# Технологии и коммуникации > Компьютерные игры > RPG >  В какие RPG вы играете?

## Asteriks

*Ролева́я игра́ — (англ. Role-playing game - RPG) — игра развлекательного назначения, вид драматического действия, участники которого действуют в рамках выбранных ими ролей, руководствуясь характером своей роли и внутренней логикой среды действия вместе создают или следуют уже созданному сюжету. Действия участников игры считаются успешными или нет в соответствии с принятыми правилами. Игроки могут свободно импровизировать в рамках выбранных правил, определяя направление и исход игры.*

Таким образом, сам процесс игры представляет собой моделирование группой людей той или иной ситуации. Каждый из них ведёт себя, как хочет, играя за своего персонажа.

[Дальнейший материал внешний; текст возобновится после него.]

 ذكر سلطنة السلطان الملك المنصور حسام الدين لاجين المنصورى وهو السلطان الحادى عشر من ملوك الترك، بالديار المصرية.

Действие ролевой игры происходит в мире игры. Мир игры может выглядеть как угодно, но именно он определяет ход игры. Сюжет, предлагаемый мастером игры, и описываемый им мир составляет основу ролевой игры. Мир может быть полностью придуманным, основываться на каком-нибудь художественном произведении (книге, фильме или пьесе).

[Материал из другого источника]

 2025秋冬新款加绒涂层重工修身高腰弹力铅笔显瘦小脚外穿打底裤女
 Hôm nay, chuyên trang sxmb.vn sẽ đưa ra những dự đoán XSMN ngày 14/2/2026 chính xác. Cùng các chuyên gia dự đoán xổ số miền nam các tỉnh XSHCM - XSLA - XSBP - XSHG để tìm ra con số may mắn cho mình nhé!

Достижение цели не обязательно является основной задачей ролевой игры, а в некоторых ролевых играх её вообще нет. Главной задачей может выступать развитие персонажа, правильный отыгрыш или исследование мира.

----------


## Sanych

RPG -мой любимый игровой жанр. Ещё со времён приставочной Финал Фэнтэзи.

----------


## MOHAPX

Да обожаю этот жанр. Вот до сих пор в голове первый пройденный РПГшник Fable, a за ним и Готика 1 и 2. Ностальгия обуревает

----------


## Nietzsches

если первые 2 части Фаллоута-РПГ,то и я тогда за) помницаа месяц почти первый Фаллаут проходил..)

----------


## Sanych

Обливион помню гулялся активно. Там жить можно в игре, закинуть основоное задание и вольным странником просто жить в игре.

----------


## tujh

а я в фалов 3 месяца три проходил.(пока карту всю не открыл)

----------


## BIGm[]n

а я вот уже лет почти 17 играю в такую трудную рпг как жизнь и у мну возникае вопрос :что будет когда пройдешь последни квест?

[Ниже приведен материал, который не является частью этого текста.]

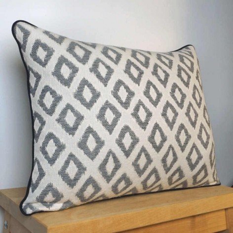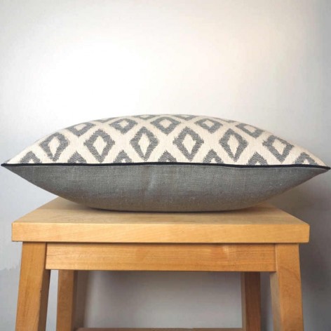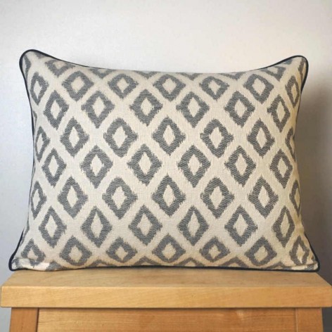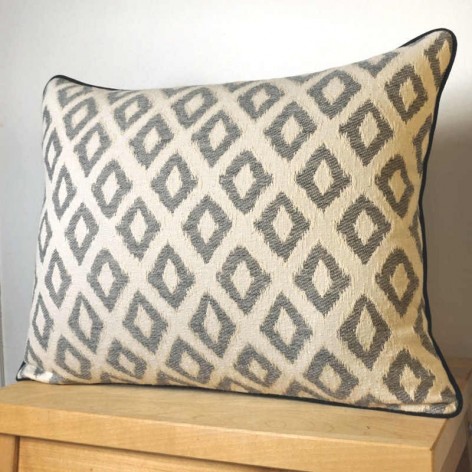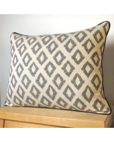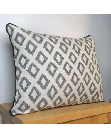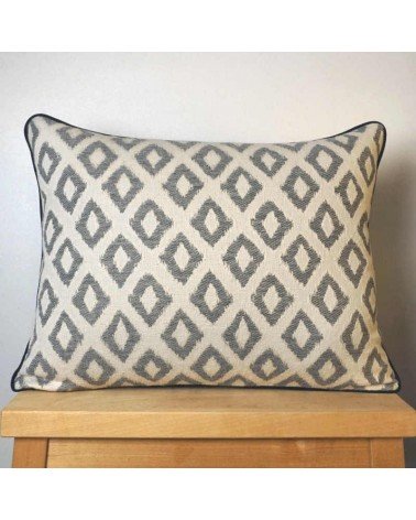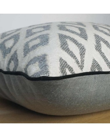 Coussin motifs géométriques passepoilé motif jacquard avec le dos en lin.

_BIGm[]n добавил 07.08.2009 в 19:02_
а если просто линяга ничаво

----------


## BiZ111

Diablo 123
Fable 12
Sacred 12

----------


## AKON

На данный момент играю в *Baldur's Gate 2*: Тени Амна + Трон Баала

----------


## BiZ111

Забыл добавить Dungeon Siege 1,2

----------


## Sadist

Дьябло,Демигодс,Silverfall - Guardian of the Elements,Титан квест.Жду дьябликов 3-х

----------


## Sanych

King`s Bounty тащусь. Ну и мощные, типо Обливина или Драгон Эйдж.

----------


## Biosis

Очень нравиться серия The Elder Scrolls, Fable, Fallout, Gotic (кроме 3 части). А так все mmorpg

----------